Reputation: 1477
I want to fetch only the text around parenthesis and keep this text in the same column.
I have the following dataframe df:
id feature
1 mutation(MI:0118)
2 mutation(MI:0119)
3 mutation(MI:01120)
The expected output is:
id feature
1 MI:0118
2 MI:0119
3 MI:01120
I tried the following regex but it is not allowing me to copy it to the same column.
df['feature'] = df['feature'].str.extract(r"\((.*?)\)", expand=False)
I am getting following warning and the above code is converting all the values in the feature column to NaN
/home/lib/python2.7/site-packages/ipykernel_launcher.py:1: SettingWithCopyWarning:
A value is trying to be set on a copy of a slice from a DataFrame.
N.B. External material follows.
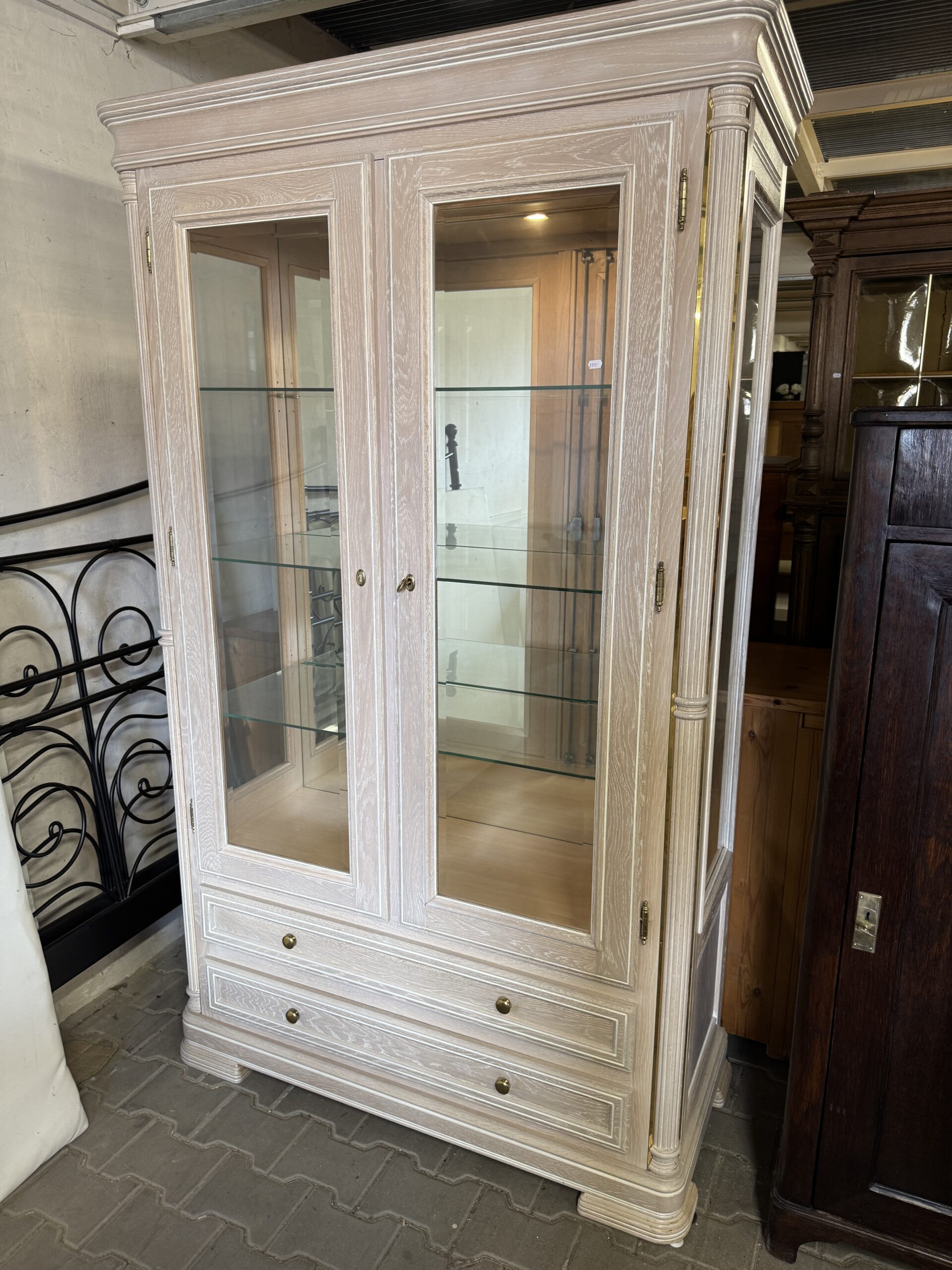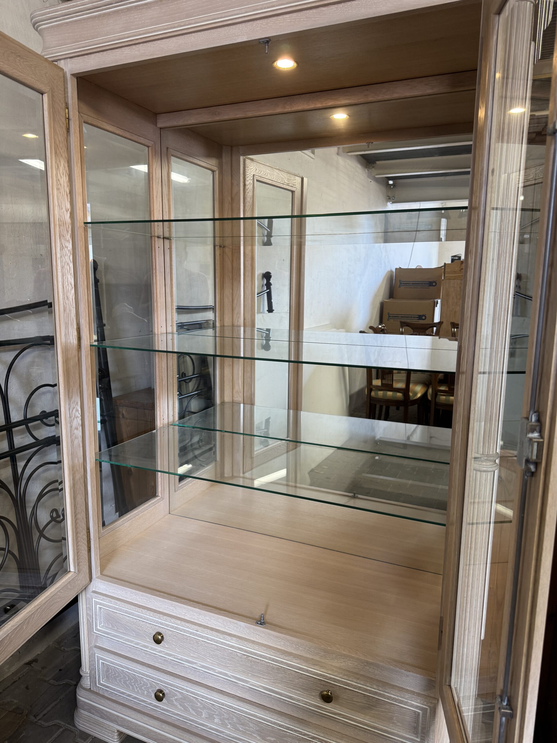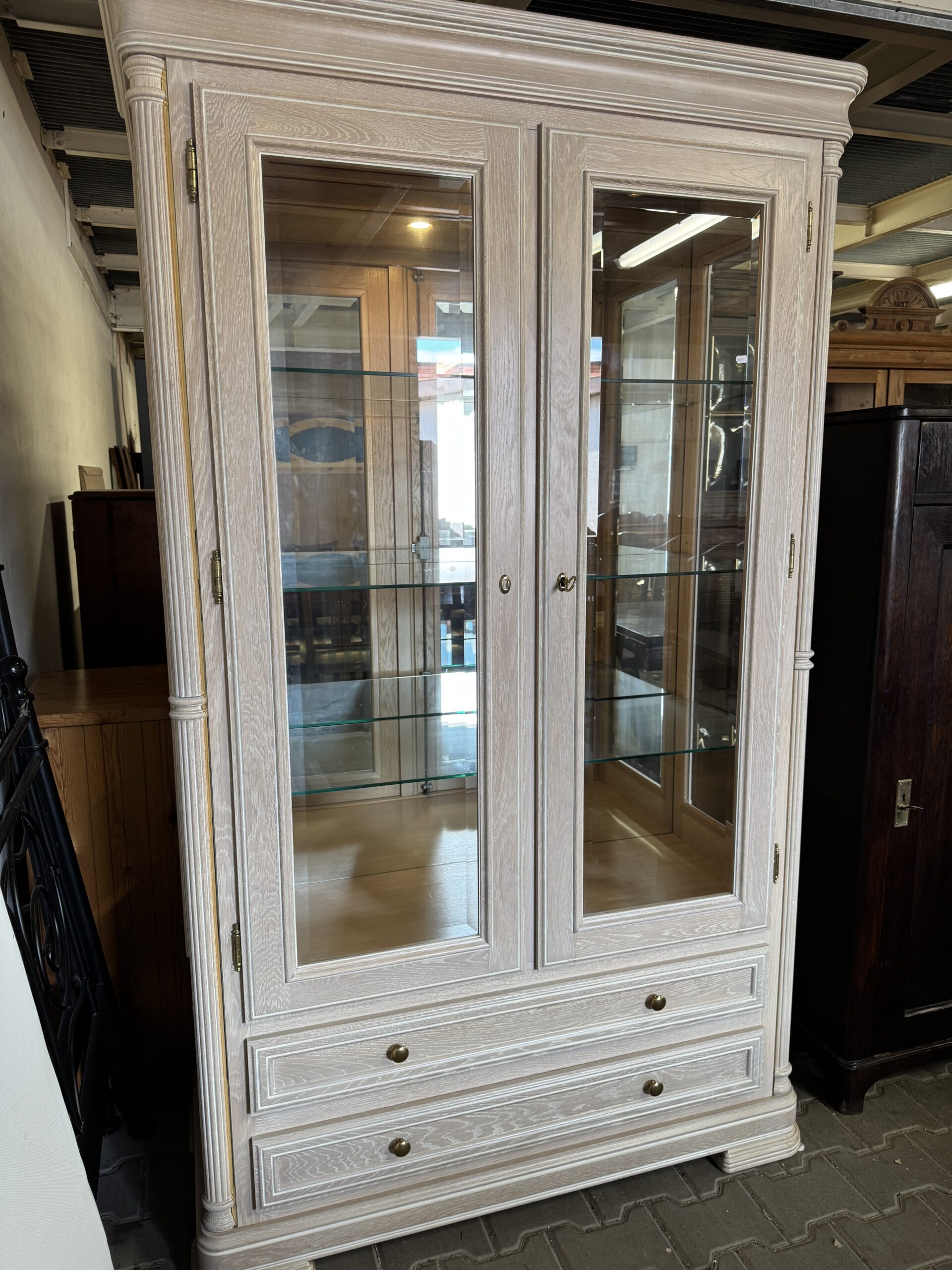 Przeszklone boczne ściany wraz ze szklanymi półkami i lustrem nadają witrynie wrażenie lekkości i przestronności oraz pozwolą idealnie wyeksponować każdą kolekcję porcelany, pamiątek lub innych przedmiotów.

Try using .loc[row_indexer,col_indexer] = value instead
See the caveats in the documentation: http://pandas.pydata.org/pandas-docs/stable/indexing.html#indexing-view-versus-copy
"""Entry point for launching an IPython kernel.
Thanks
Upvotes: 1
Views: 102
Reputation: 71600
Try using the below code with a different pattern:
df['feature'] = df['feature'].str.extract('.*\((.*)\).*', expand=False)
print(df)
Output:
id feature
0 1 MI:0118
1 2 MI:0119
2 3 MI:01120
Upvotes: 1